Away from that junction was the life of the locals: a line of small shops, including a mithaiwala from whom we bought laddus later in the evening. It was Diwali after all, and we couldn’t possibly not have sweets at dinner, could we? Other shops for snacks lined the road: pani puri, samosa, and chaat. A couple of young girls were at the pani puri wala, perhaps immediately after breakfast. The samosawala, above, was tending to a fire. More than the possibility of samosas, I was struck by the wonderful shoes he had on.

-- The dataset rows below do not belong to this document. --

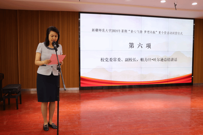 8月5日下午,365英国在附属中学润德楼举行了此次夏令营闭营仪式。校党委常委、副校长帕力旦·吐尔逊出席仪式并讲话。党委组织部、校团委、附属中学、继续教育学院、后勤服务中心等相关部门负责人,附属中学夏令营任课教师、志愿者以及亚喀艾日克乡中心小学48名师生参加了闭营仪式。
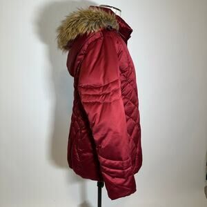 St. Johns Bay Red Quilted Puffer Down Jacket Coat Faux Fur Trim Womens Large L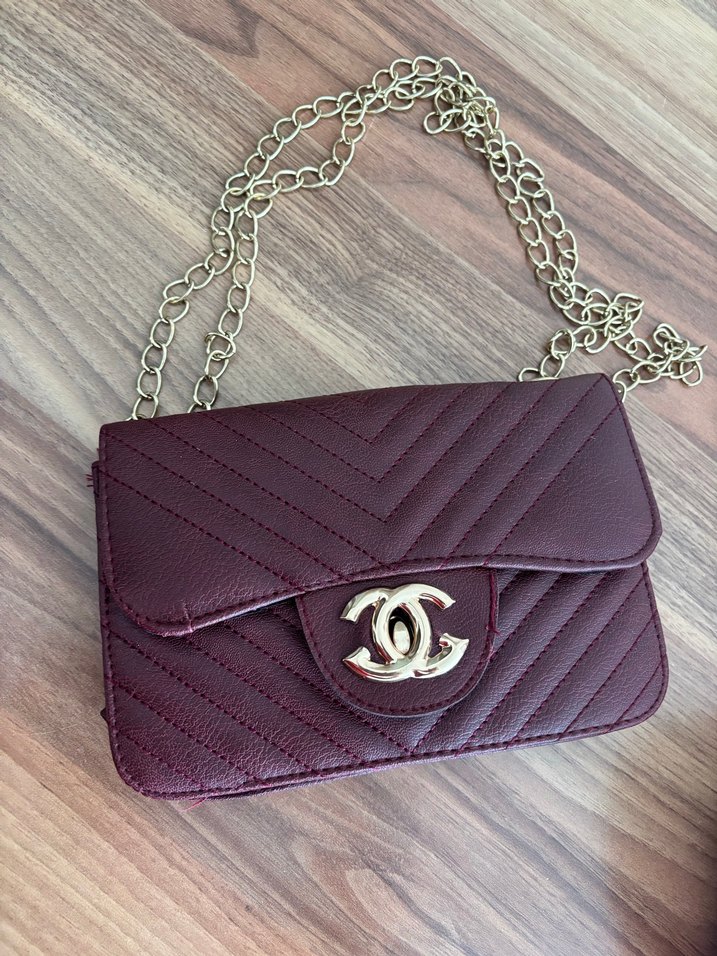 Bordo renkli deri çanta, parlak yüzey ve zincir detaylarıyla modern klasik tarzı Paris havasıyla buluşturuyor. Günlük kullanıma uygun, trend bir seçim.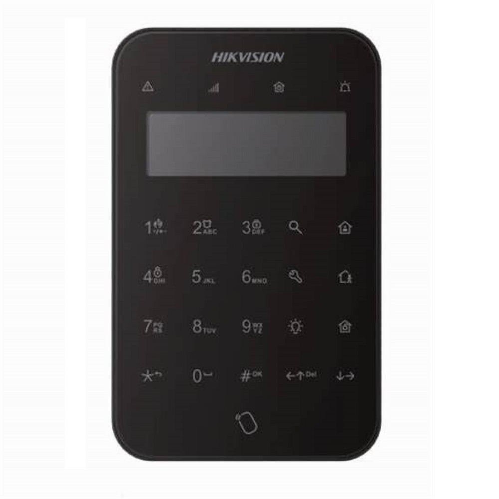 The Hikvision HIK-PK1-LT-WB-BK is a wireless LCD keypad that is part of the AX PRO Wireless Intrusion Alarm system. It operates on a 433MHz two-way wireless communication. The device features an LCD screen and LED to indicate system status. System configuration can be done through the LCD screen.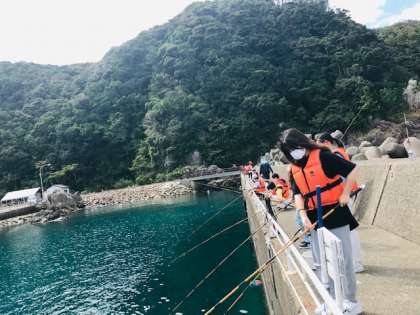 自分でエサをつけて大物を狙っています。今日の1番は30センチ越えの真鯛でした!!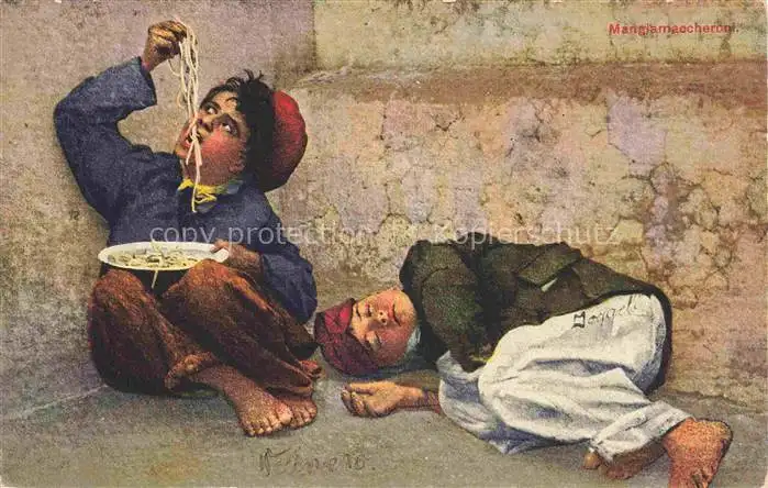 alte Postkarte Maccheroni NAPOLI Pasta Lebensmittel Kinder Spagetti postalisch gelaufen Erhaltung siehe scans [IrynaD87]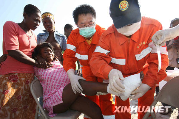 1月18日,中國國際救援隊醫生在海地首都太子港總統府廣場前為一名受傷的女孩包扎傷口。新華社記者袁滿攝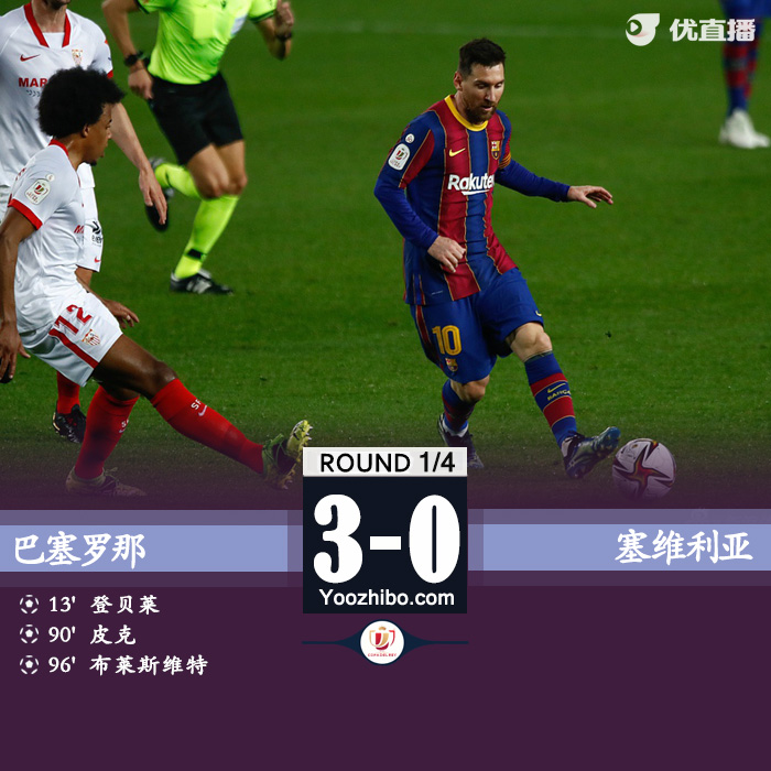 24直播网3月4日讯 北京时间3月4日凌晨04:00,国王杯半决赛次回合巴塞罗那主场迎战塞维利亚。上半场,登贝莱平地起惊雷惊艳世界波,巴萨半场1-0领先塞维利亚。下半场,明格萨犯规送点,特尔施特根扑点,费尔南多被罚下,皮克压哨破门,巴萨总比分2-2塞维将比赛拖入加时。加时上半场,布莱斯维特破门。最终全场比赛结束,巴萨3-0,总比分3-2逆转塞维利亚进决赛。巴萨国王杯决赛对手,将会是莱万特vs毕尔巴鄂的胜者。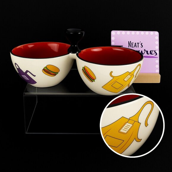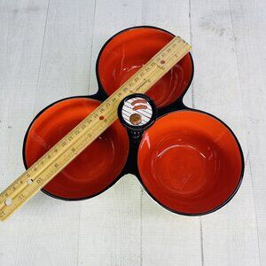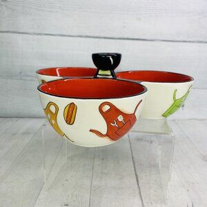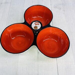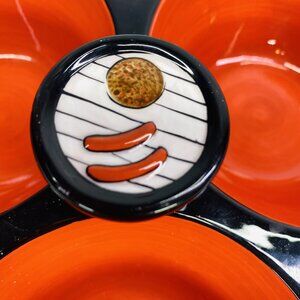 Clay Art GRILL TIME Hand Painted Summer Fun 3 Section Ceramic Condiment Server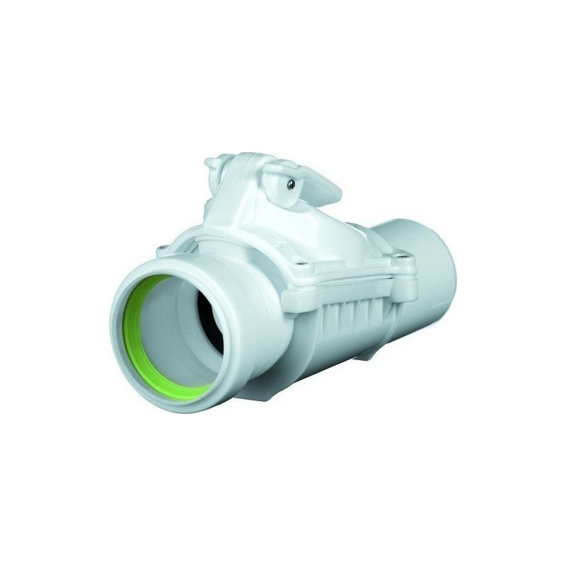 Zasuwę 50 w wersji A montujemy w poziomym ciągu rur odpływowych 50, przymocowanych do ściany za pomocą uchwytów. Tak zamontowany zawór przeciwzalewowy może zabezpieczyć jednocześnie kilka urządzeń, jeśli są podłączone do tej samej instalacji. Wersja A rozwiązuje problem zabezpieczenia trudno dostępnych miejsc, m.in. syfonów wannowych i brodzikowych.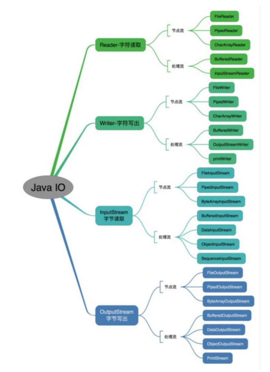 (3)按照流的角色划分为节点流和处理流。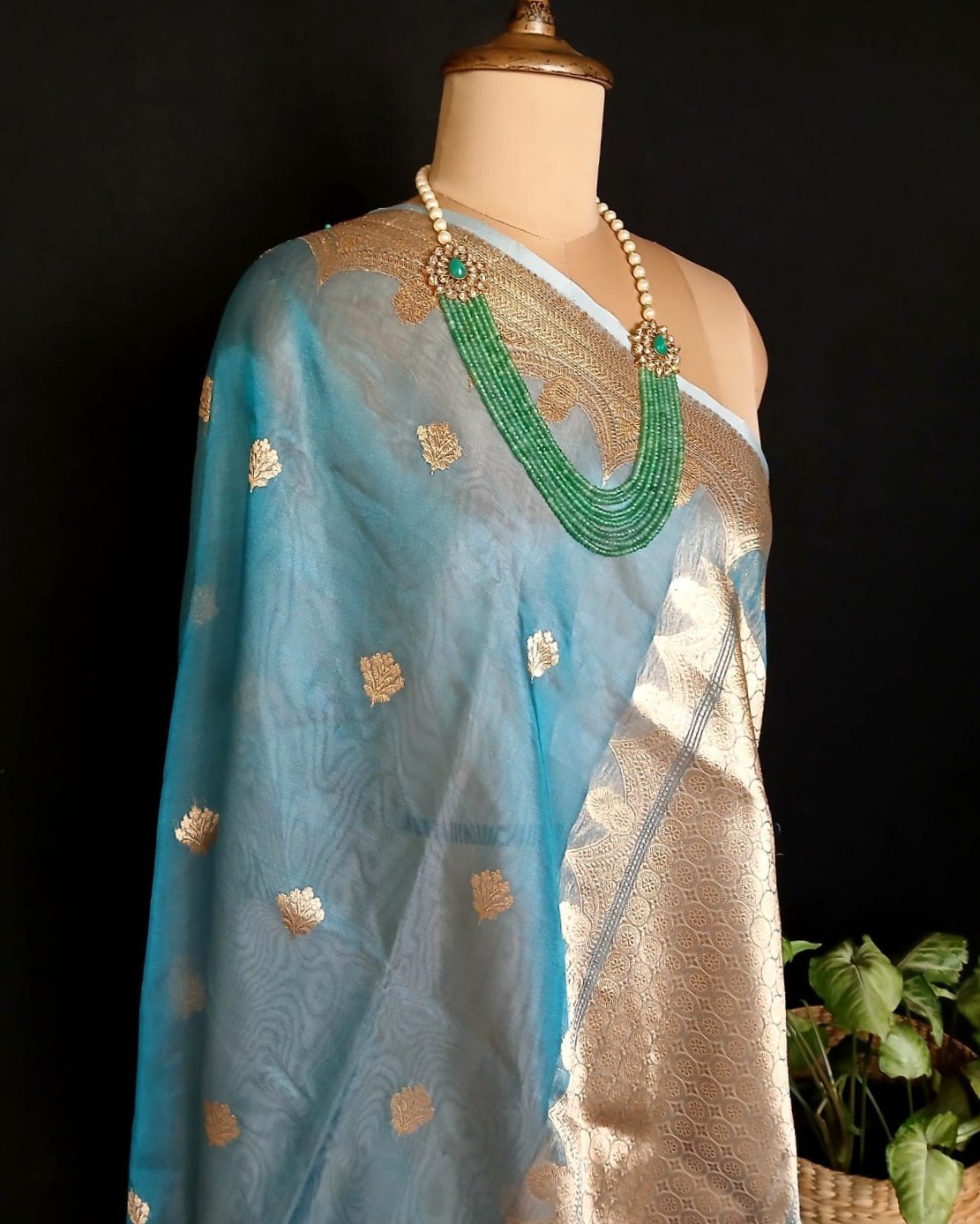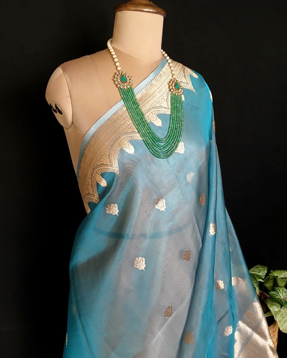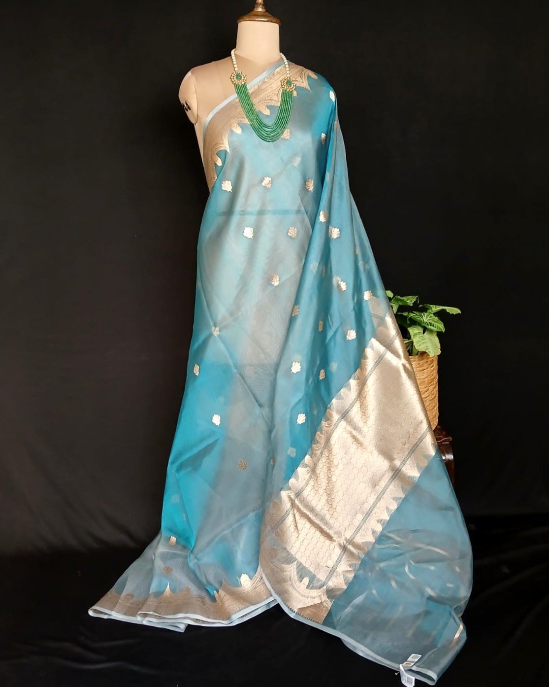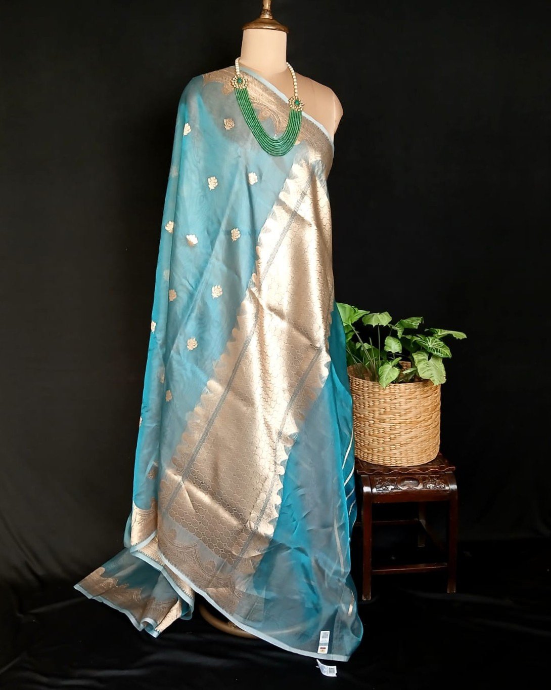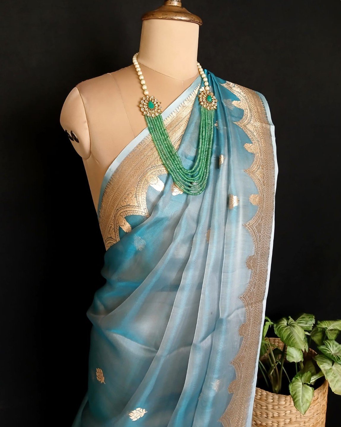 Sophisticated Tissue Zari Banarasi, ideal for wedding events and cocktail parties.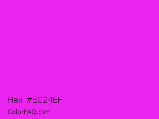 Hex #ec24ef Color is a normal magenta color and the nearest color is Hot Magenta #ff1dce. Hex code #ec24ef and RGB value is rgb(236,36,239). In RGB color space, this color is composed of 93% red, 14% green, 94% blue, In CMYK color space, this color is composed of 1% cyan, 85% magenta, 0% yellow , 6% black , In HSL color space, this color has a hue angle of 299° , 86% saturation and 54% lightness.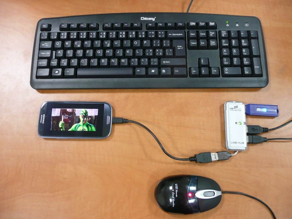Redukce umožní připojit k telefonu (tabletu), který podporuje funkci OTG, najednou přes USB HUB: klávesnici, myš, flashdisk. Vše je najednou v jeden okamžik funkční (máme otestováno viz přiložené foto "Příklad použití redukce").Testováno s mobilním telefonem SAMSUNG GALAXY S3
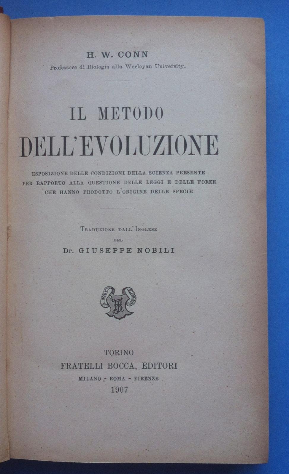 H. W. CONN-IL METODO DELL'EVOLUZIONE-TORINO F.LLI BOCCA 1907†PAG. 360 CM. 20,5 X 12,5 COPERTINA IN TELA RIGIDA MARRONE, DORSO CON CARATTERI IN ORO (VEDERE IMMAGINI), INTERNO IN BUONO STATO, N. PAG. 360 CM. 20,5 X 12,5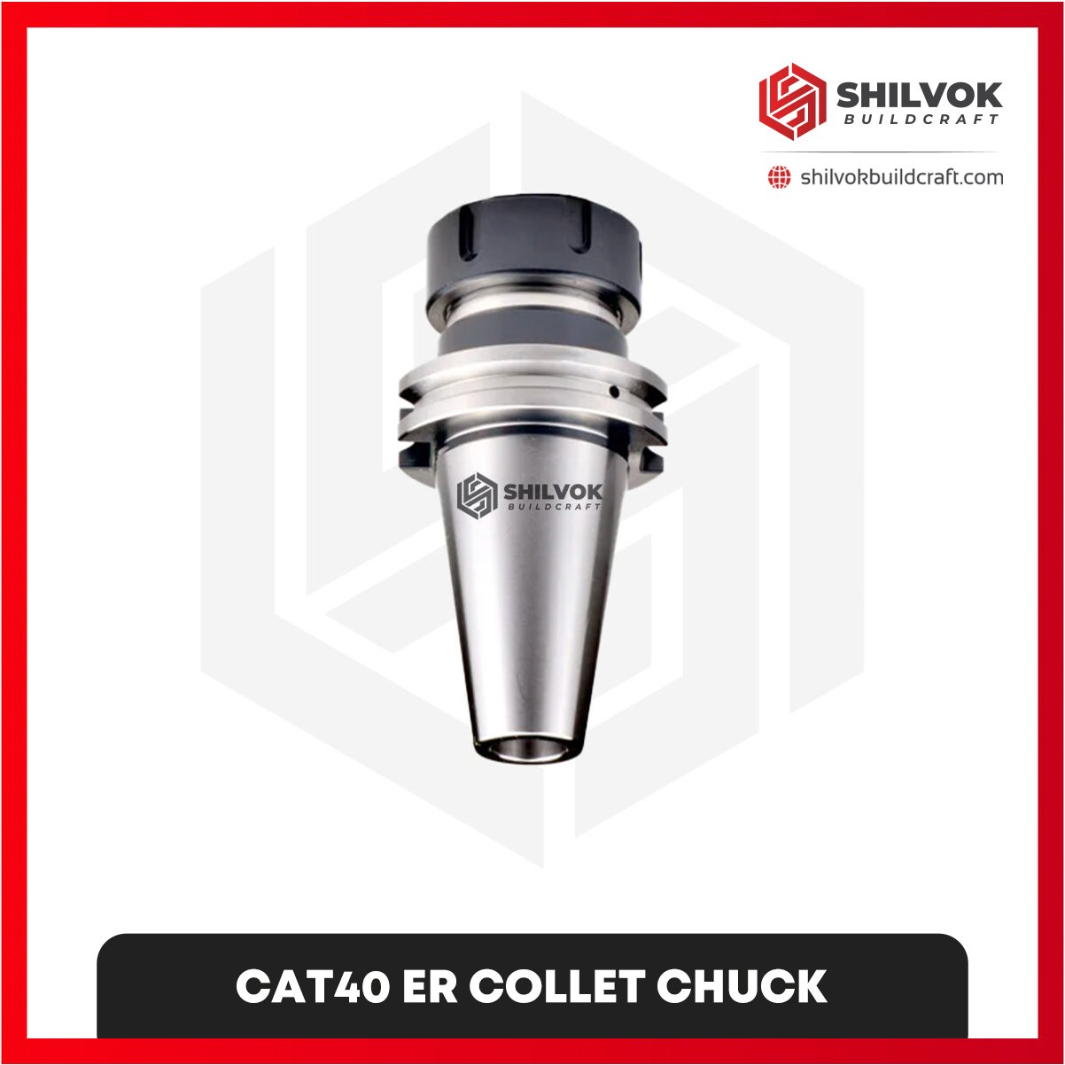 Shilvok Buildcraft CAT40 ER Collet Chuck delivers precise and stable clamping for medium to large cutting tools, ensuring optimal performance in CNC and VMC applications.
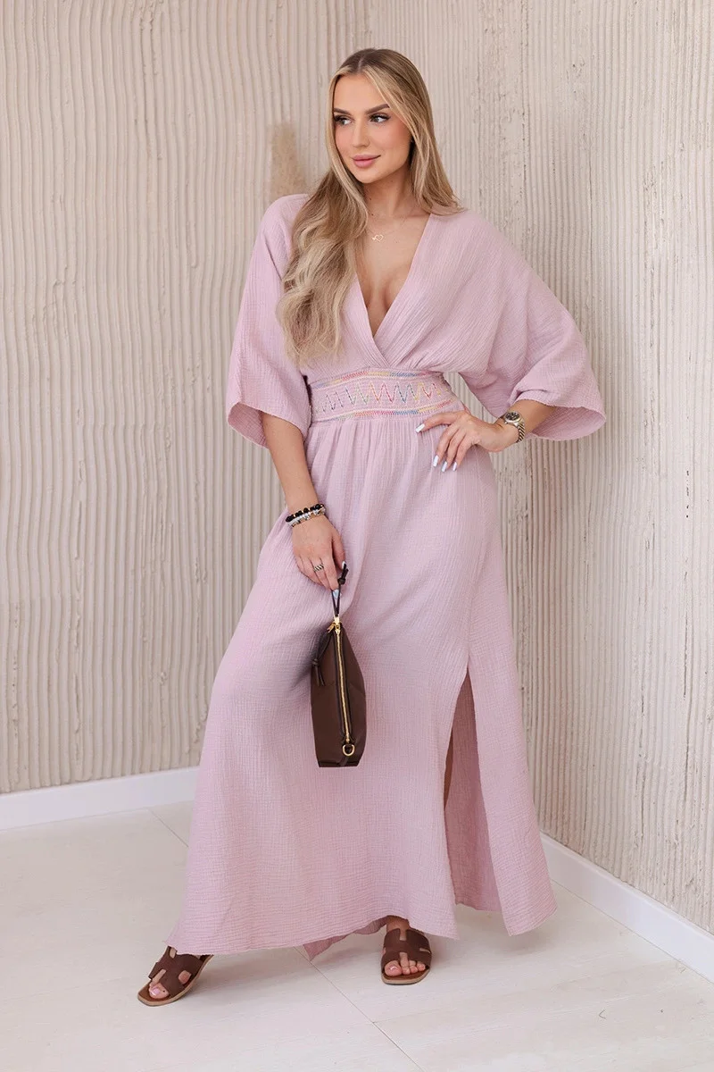 Šaty s vyšívaným mušelínom v páse sú jedinečným kúskom odevu, ktorý v sebe spája jemnosť a rafinovaný štýl. Vyšívaný detail v páse dodáva šatám jemnosť a eleganciu a zároveň zvýrazňuje líniu pása. Šaty sú vyrobené z ľahkého a vzdušného mušelínového materiálu, ktorý zaručuje pohodlie pri nosení aj počas teplých dní. Ich jedinečnosť spočíva v kombinácii romantickej výšivky s ľahkosťou mušelínu, ktorá celému stylingu dodáva jedinečný šarm. Tieto šaty sú ideálne na letné stretnutia, romantické večery alebo výnimočné príležitosti, vďaka ktorým sa budete cítiť žensky a výnimočne a dodajú vášmu štýlu jemnosť a eleganciu. Veľkosť je univerzálna a bude vhodná pre ženy, ktoré nosia veľkosť S, M alebo L. TALIANSKA VÝROBA Materiálové zloženie: materiálové zloženie: 100 % bavlna Nižšie uvedené miery sú merané na plocho +/- 1 cm Ak chcete získať obvodovú mieru, šírku vynásobte 2 Rozmery: Celková dĺžka: 140 cm Šírka v páse: 29 cm / po natiahnutí: 44 cm Recept na pranie: Pred praním oblečenia si vždy prečítajte pokyny na pranie uvedené na vnútornom štítku. Perte v ruke podľa návodu na štítku na odeve Perte pri maximálnej teplote 30 °C, žehlite pri maximálnej teplote 110 °C, Nebieľte ani nechlórujte, Čistite chemicky v benzínovom čističi, Nesušte v bubnovej sušičke.

Each small kiosk along the road was a place to stop and chat. I liked the doors: quick jobs of wood and metal. The shut doors would not make interesting photos. But the tailor’s shop was open, and there was a person outside it looking in and chatting. The strong shadows made photography difficult. I just couldn’t find an exposure which would make it possible to mellow the contrast. Eventually I settled for multiple exposures and combining the results in an editor. I think the result is an interesting view of the two, but you be the judge.

On pause

I’ve spent a week writing about all that I’m beginning to like about the anthropause. But there’s a part of our lives which is on hold. The Family and I talked about it yesterday after we got a call from one of our friends: a travel professional. What I miss are the long road trips. You may be crammed into uncomfortable cars for long hours, but there is a romance in these trips to corners of India which are never in the news.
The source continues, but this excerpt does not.